Rijal menepuk dahinya. "Kalau gitu, gimana kalau kita bikin parodi sistem hukum kita?"
"Kayak gimana tuh?" Kahar penasaran.
"Bayangin," kata Rijal sambil bersemangat, "di pengadilan, hakim pakai topi badut, jaksa nyanyi dangdut, dan terdakwa bawa gitar buat nyanyiin lagu pembelaan.

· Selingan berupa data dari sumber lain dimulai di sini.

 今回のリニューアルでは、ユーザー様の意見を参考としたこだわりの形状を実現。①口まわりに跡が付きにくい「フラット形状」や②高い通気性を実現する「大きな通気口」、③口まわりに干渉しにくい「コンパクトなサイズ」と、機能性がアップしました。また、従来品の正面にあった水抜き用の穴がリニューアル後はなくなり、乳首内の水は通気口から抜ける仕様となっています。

Jadi, sidangnya sekalian jadi acara variety show."
"Judul acaranya?" tanya Kahar.
"'Korupsi, Aku Cinta Kamu'," jawab Rijal dengan serius.
Kobar meledak tertawa. "Dan kalau terbukti bersalah, hukumannya adalah... ikut lomba stand-up comedy buat ngelawak soal dosa mereka."

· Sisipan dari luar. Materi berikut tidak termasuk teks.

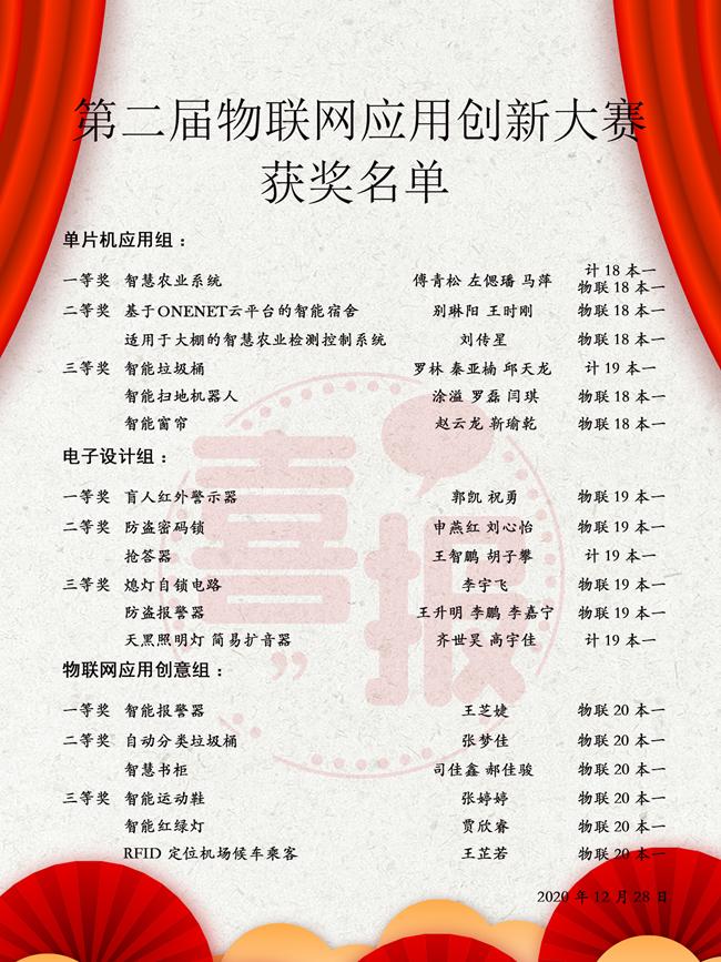 为培养员工的创新精神、实践能力和团队合作意识,提高公司员工对物联网领域的知识和素养,2020年12月27日,由英国365集团公司官网物联网应用创新协会主办的英国365集团公司官网第二届物联网应用创新大赛在二号实验楼顺利举行。大赛特邀王建强老师、韩贝老师、王勇老师担任单片机组评委,高燕老师、李海雄老师、赵鹏老师担任电子设计组评委,吴疆老师、胡星老师担任物联网应用组评委。

"Brilian!" seru Badu. "Tapi jangan lupa, mereka harus tetap dapat fasilitas mewah selama lomba. Biar bagaimanapun, kita kan negara yang menghargai talenta, bahkan talenta ngekorup."
Diskusi mereka terus bergulir, makin absurd, makin penuh tawa. Hingga akhirnya, Rijal menutup pembicaraan dengan pernyataan serius.
"Teman-teman, sebenarnya apa yang kita omongin ini nggak jauh beda dari kenyataan. Kita ketawa karena absurd, tapi absurditas ini nyata. Dan kita semua, secara nggak langsung, udah jadi bagian dari sistem yang membiarkan ini terus terjadi."
Hening sejenak. Kopi di cangkir mereka mulai dingin, tapi pikiran mereka mendidih. Kobar menghela napas.
"Lo bener, Jal. Kita butuh lebih dari sekadar ketawa. Kita butuh perubahan. Tapi ya... siapa yang mulai duluan?"